Building a Practical Governance Process

For most organizations, the pragmatic approach is a tiered assessment framework based on the sensitivity of the data being processed and the capabilities of the tool:

Tier 1: High-risk AI tools. Tools that process regulated data (PII, PHI, financial data), tools with agentic capabilities, or tools integrated with core business systems. Full vendor security assessment, DPA, contractual controls above, and CISO sign-off required.

Tier 2: Moderate-risk AI tools. Tools that process internal but non-regulated data, or tools used for productivity tasks with limited sensitive data exposure. Standard vendor security questionnaire plus data residency confirmation and training data prohibition.

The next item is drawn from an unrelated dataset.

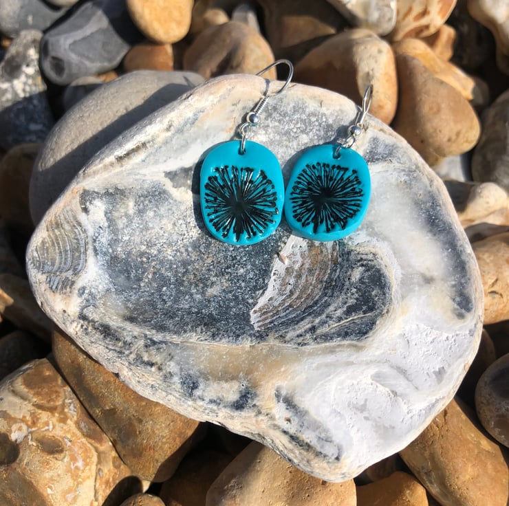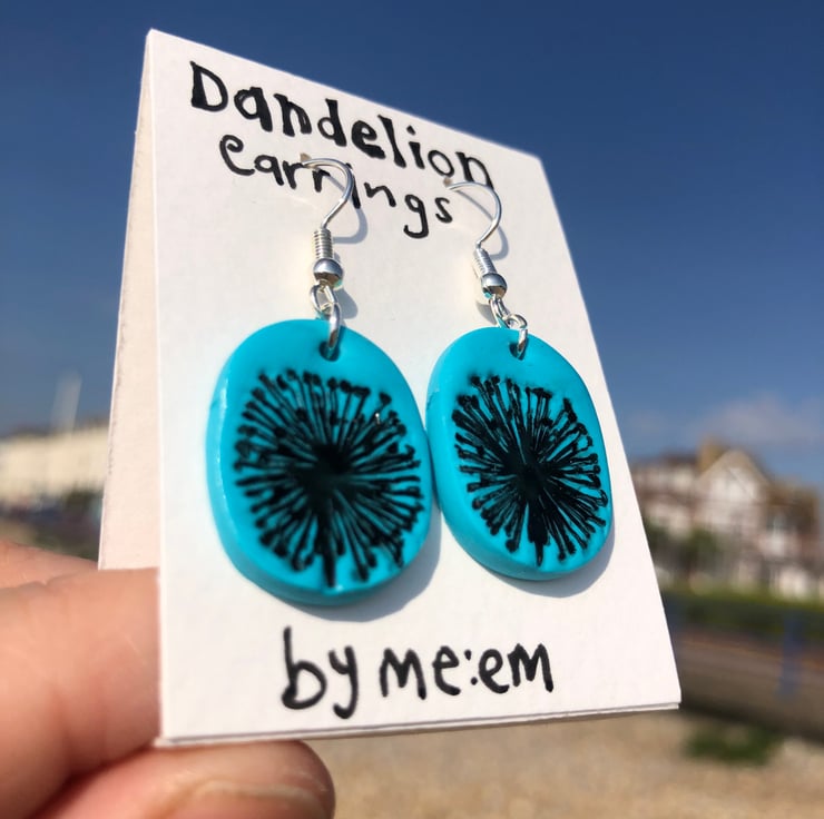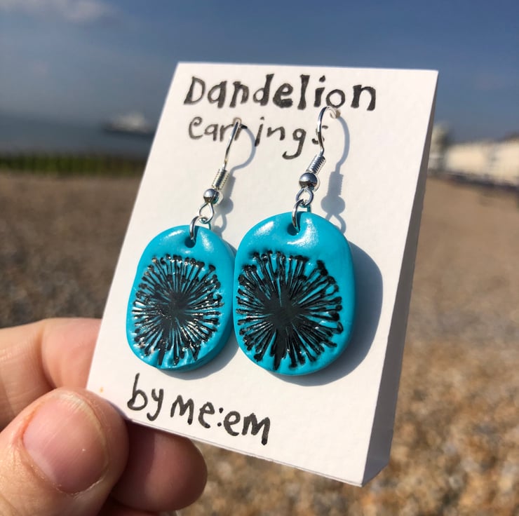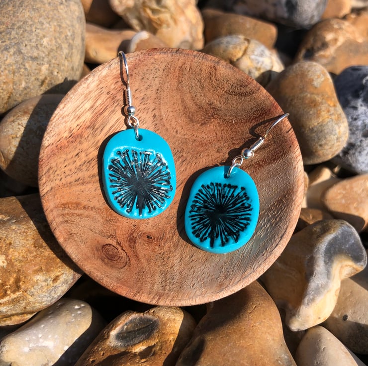 These silver plated earrings are made from polymer clay, inscribed with a dandelion clock design and varnished for extra durability and shine.

Tier 3: Lower-risk AI tools. Public-facing tools used with non-sensitive data. Acceptable use policy acknowledgment, no personal or proprietary data in prompts, user awareness training.

The governance process must include a mechanism for existing AI tool usage to be reviewed — many organizations have accumulated shadow AI deployments that predate any formal governance framework. A periodic inventory of AI tools in use, conducted in partnership with IT and procurement, is an essential starting point.

AI tool risk management is not a one-time assessment. The capabilities and risk profiles of these products are evolving faster than most other enterprise technology categories. Build a review cadence that matches that velocity.